Why Burlington was selected
With its dangerous 115-decibel noise extending over a very large area, the F-35 was not designed for safely participating in city life. The selection of Burlington airport was to give Vermont airmen real-life experience targeting civilian families by using the F-35 in a manner for which it was not designed that causes unnecessary suffering. Training where the extreme noise inherently targets cities full of civilians with indiscriminate violence. The densely populated location of the Burlington airport is ideal for pilots to practice hurting adults and children without any risk of the pilot ever being punished. Commanders selected the Burlington airport for the F-35 training so the airmen are ready to drop bombs on residential neighborhoods in the next illegal and immoral US war based on lies, like Vietnam and like Iraq. So they have practice committing war crimes with impunity.
The airport-proprietor authority allows the city to fix this problem
Federal law allows the city-owned airport to quickly end this odious abuse. Using its federal airport-proprietor authority, the city can adopt a standard for safety, such as requiring all aircraft based at BTV airport to comply with the same aircraft noise safety standard the FAA long-ago established for civilian aircraft. Doing so would not affect any civilian aircraft using the airport because all of them already meet that strict FAA safety standard. The Air Force would be the only outlaw, blasting thousands of civilian families with the 115-decibel F-35, a noise level that far exceeds that FAA noise standard for safety.
The Air Force could bring itself into compliance by providing the Vermont Air National Guard with compatible aircraft for its city location or it can provide a non-flying mission for the Guard. Halting the F-35 training in a densely populated city would also comply with Air Force and Vermont Guard discipline, US law, and international law, all of which forbid targeting civilians.
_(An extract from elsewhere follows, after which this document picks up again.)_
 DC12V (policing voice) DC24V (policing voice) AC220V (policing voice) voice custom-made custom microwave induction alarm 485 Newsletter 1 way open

The fact that the law as it exists gives the city, as airport proprietor, the power to set a noise safety standard allows the new mayor to make a huge accomplishment for community safety: abolishing the F-35 training at the city-owned airport.
I have not seen it mentioned very often, but Israel has over 60 of these Jets and has used them for months to destroy neighborhoods, colleges, hospitals, schools and tens of thousands of civilians in Gaza.
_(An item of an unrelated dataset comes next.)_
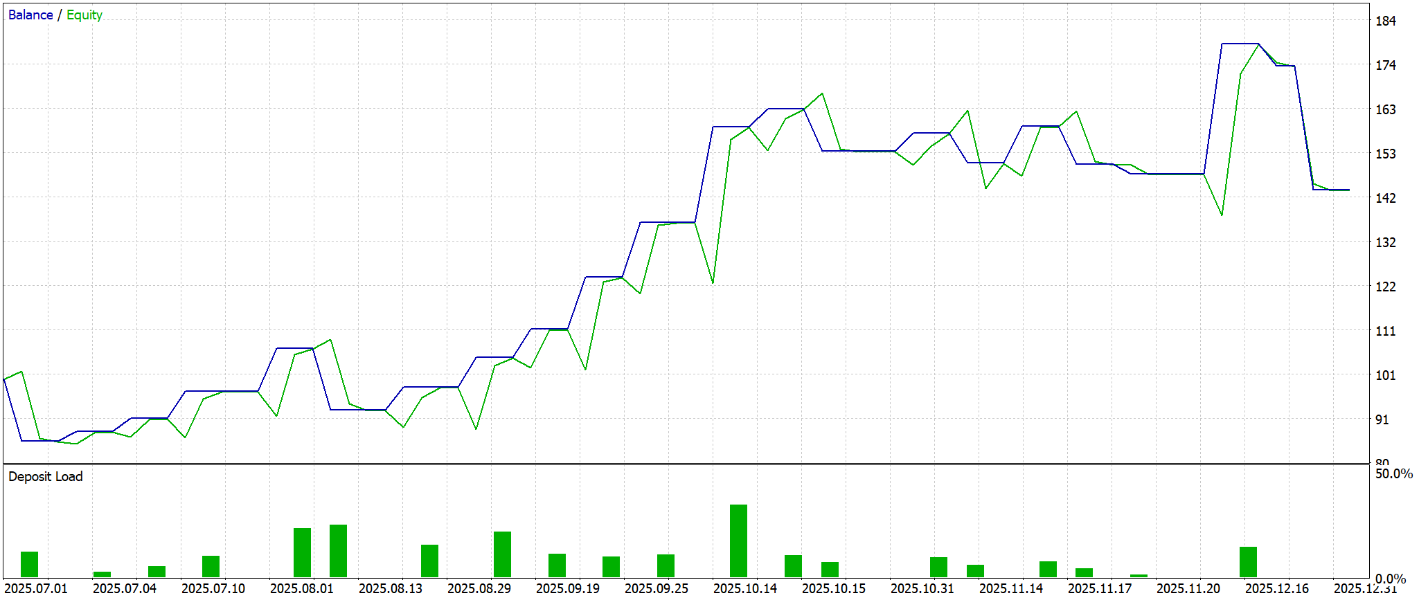 Кривая капитала в целом имеет выраженный восходящий характер, но развивается ступенчато. Долгие периоды ожидания сменяются короткими фазами активной работы, после которых баланс фиксирует новый уровень. Такая форма характерна для систем, ориентированных на события и импульсы, а не на постоянное присутствие в рынке. Линия Equity при этом заметно колеблется вокруг баланса, что говорит о наличии плавающих просадок. Однако эти колебания остаются контролируемыми и не переходят в разрушительные провалы. Важный момент — после резких подъёмов практически всегда следует откат и фиксация прибыли. Это признак рабочей логики выхода, а не агрессивного удержания позиций в надежде на продолжение движения.

In other words, the sound which we are forced to get used to is the last sound that many Palestinians ever heard before they were destroyed or Massively injured.
I wonder why this is so rarely mentioned. it should be talked about every day.
Thanks for this coverage!
To the mayor of Burlington, the f35 have essentially ruined my life. I live in Williston, approximately 6-8 miles from the airport. Every time they fly and I record decibel levels, I get readings from 95-115 decibel levels. Supposedly after 80 decibels they are hurting your health. I have ringing in my ears, vertigo symptoms. When they fly on average 3 times per day lasting 15-20 minutes, each time, I can’t be outside and in the summer I have to close all windows and still cannot carry on a conversation inside my house. Total lie that only people within a half mile surrounding airport are affected. I can’t imagine how harmful this is for children. Please stop f35!